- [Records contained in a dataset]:

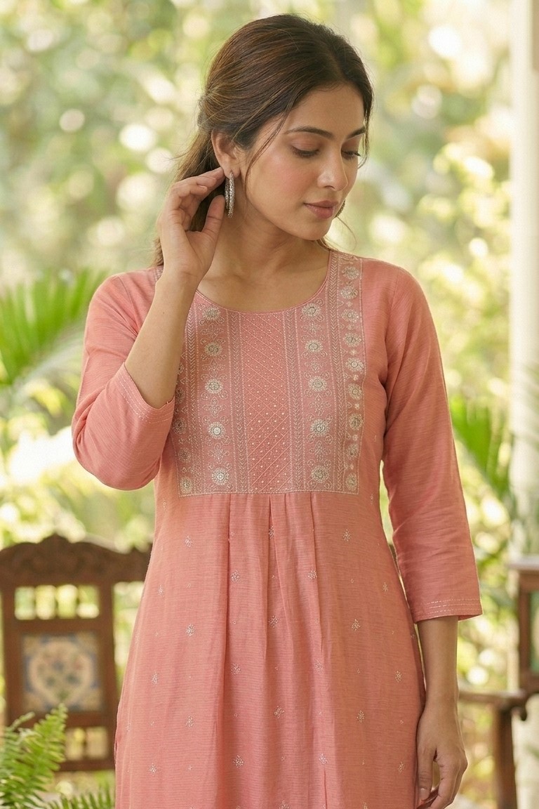 Peech Rayon Embroidered Kurti
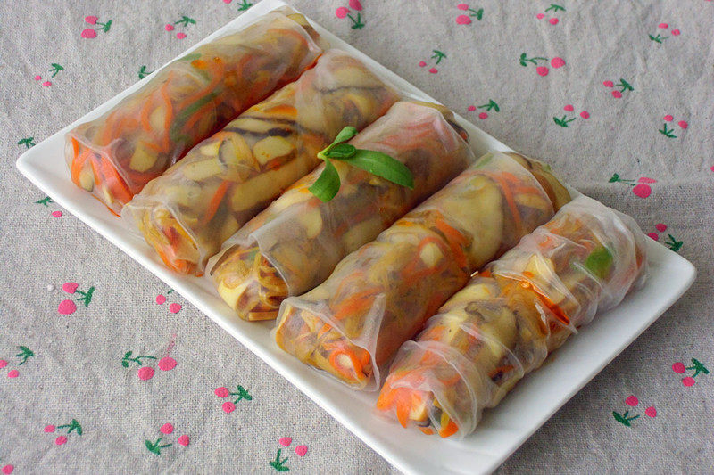 香菇10朵;胡萝卜1根;豆腐干5片;青椒1个;黄花菜适量;越南春卷皮适量;
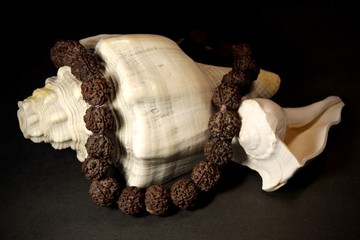 conch shells with rudraksh beads necklace on it represents hinduism culture
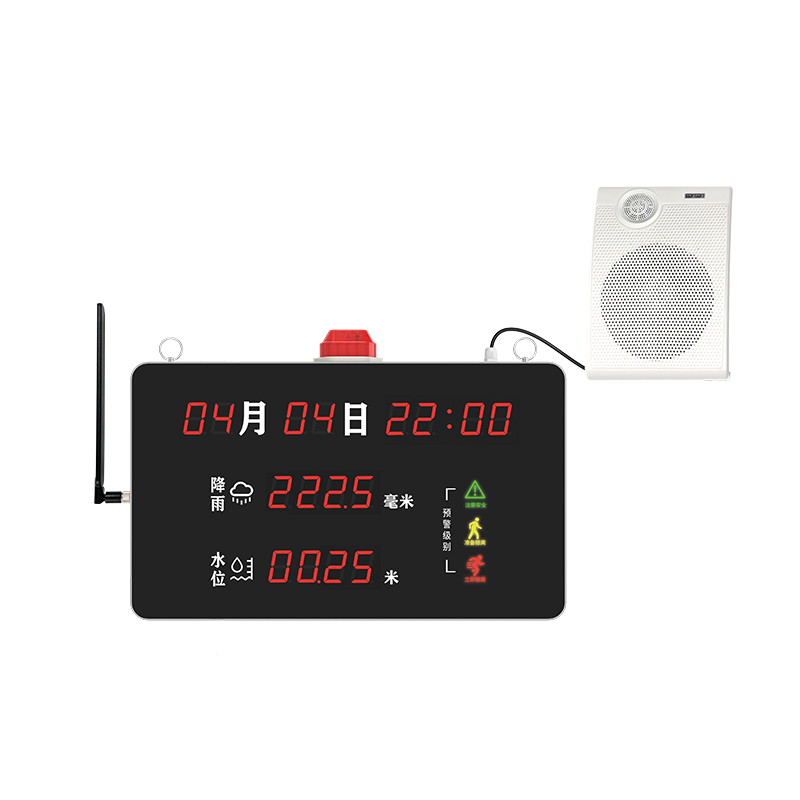 4G型入户防汛预警设备,设备基于4G通信接口,可远程获取云端的降雨、水位等水文测定数据,实现数据异常语音播报,支持声光报警、短信转语音播报、电话喊话播报、云平台下发播报等报警方式,从而保障居民人身财产安全。同时设备还具有居民常用的日历、时钟、实时通信状态。
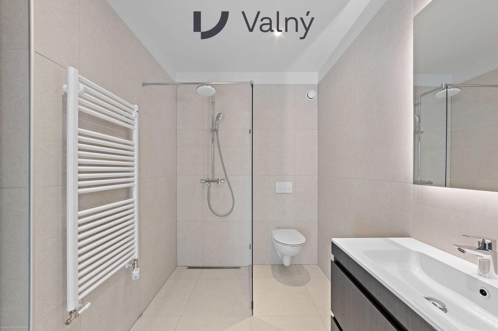 Baðherbergi með innréttingu, upphengdu salerni, handklæðaofni og sturtu með glerskilrúmi. Aðstaða fyrir þvottavél og þurrkara í sérsmíðaðri innréttingu. Gólf og veggir flísalagðir, sturta flísalögð með innfelldu niðurfalli og innfelldri lýsingu. Blöndunartæki Grohe.
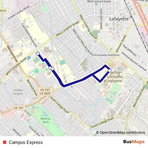 The first stop of the Campus Express bus route is Cajun Field and the last stop is Cajun Field. Campus Express is operational during on weekdays.
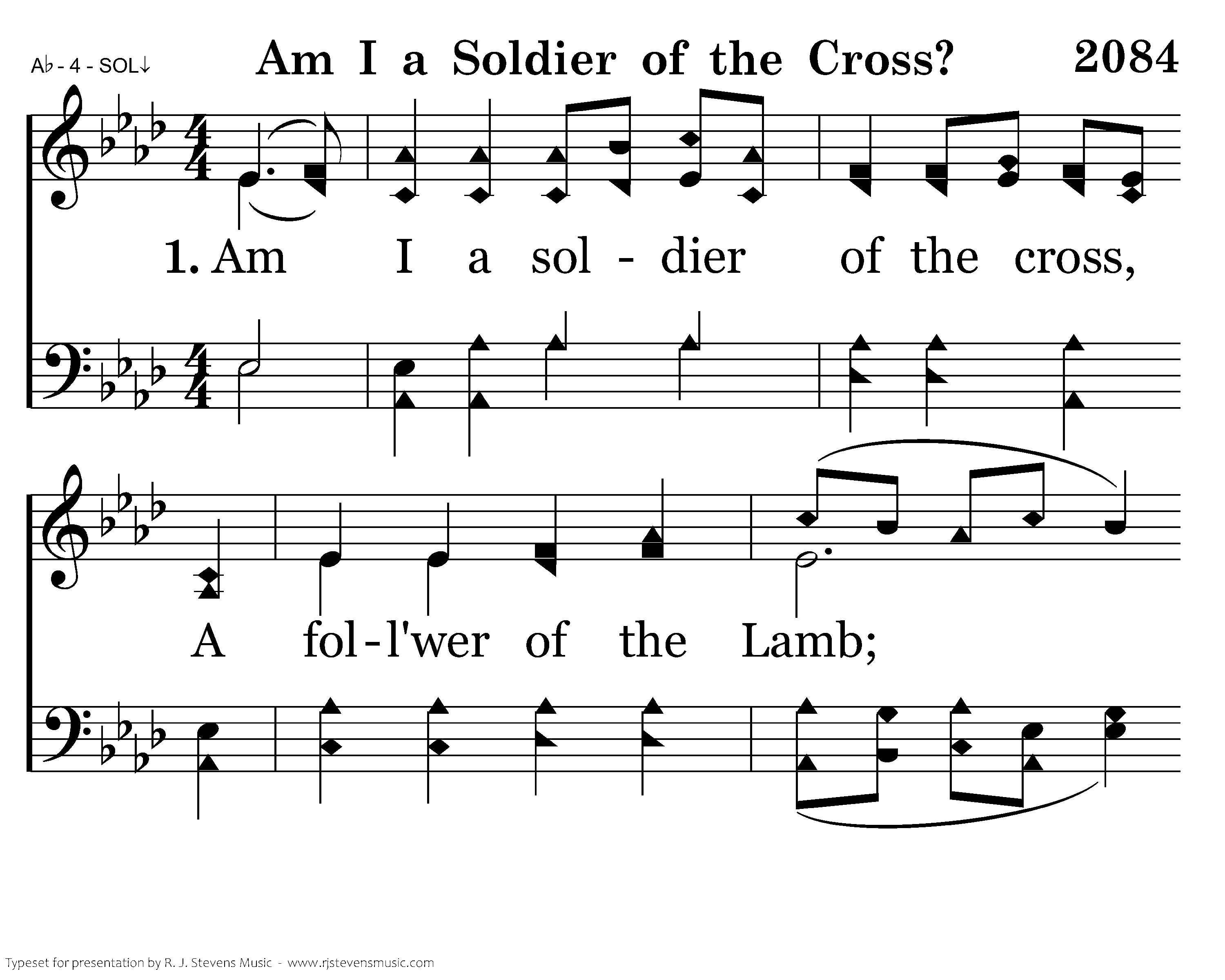 Am I a soldier of the cross, A foll'wer of the Lamb; And shall I fear to own His cause, Or blush to speak His name?
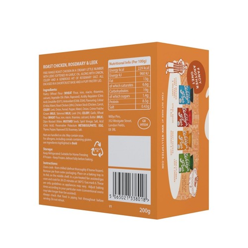 Willys Pies crafts this individual savoury bake featuring tender, free-range roast chicken. The creamy filling includes leeks softened in garlic oil, complemented by onion, celery, and rosemary salt. This satisfying combination is encased in a traditional shortcrust base and topped with a light, flaky puff pastry lid.
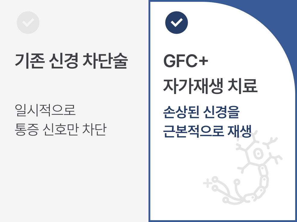 답변일반 신경 차단술은 당장의 통증을 빠르게 가라앉히는 데 중점을 두는 경우가 많습니다. GFC+ 자가재생 치료는 통증 완화와 더불어, 손상된 신경을 직접 재생시켜 근본적인 개선을 목표로 한다는 점에서 차이가 있습니다. 차단이 아닌 재생의 개념입니다.

- [Exercise details]: Pictures do not belong in the copy. Repeat only the lines from the top of the records through the line containing "Am I a soldier".

- [Exercise solution]:
 Peech Rayon Embroidered Kurti
 香菇10朵;胡萝卜1根;豆腐干5片;青椒1个;黄花菜适量;越南春卷皮适量;
 conch shells with rudraksh beads necklace on it represents hinduism culture
 4G型入户防汛预警设备,设备基于4G通信接口,可远程获取云端的降雨、水位等水文测定数据,实现数据异常语音播报,支持声光报警、短信转语音播报、电话喊话播报、云平台下发播报等报警方式,从而保障居民人身财产安全。同时设备还具有居民常用的日历、时钟、实时通信状态。
 Baðherbergi með innréttingu, upphengdu salerni, handklæðaofni og sturtu með glerskilrúmi. Aðstaða fyrir þvottavél og þurrkara í sérsmíðaðri innréttingu. Gólf og veggir flísalagðir, sturta flísalögð með innfelldu niðurfalli og innfelldri lýsingu. Blöndunartæki Grohe.
 The first stop of the Campus Express bus route is Cajun Field and the last stop is Cajun Field. Campus Express is operational during on weekdays.
 Am I a soldier of the cross, A foll'wer of the Lamb; And shall I fear to own His cause, Or blush to speak His name?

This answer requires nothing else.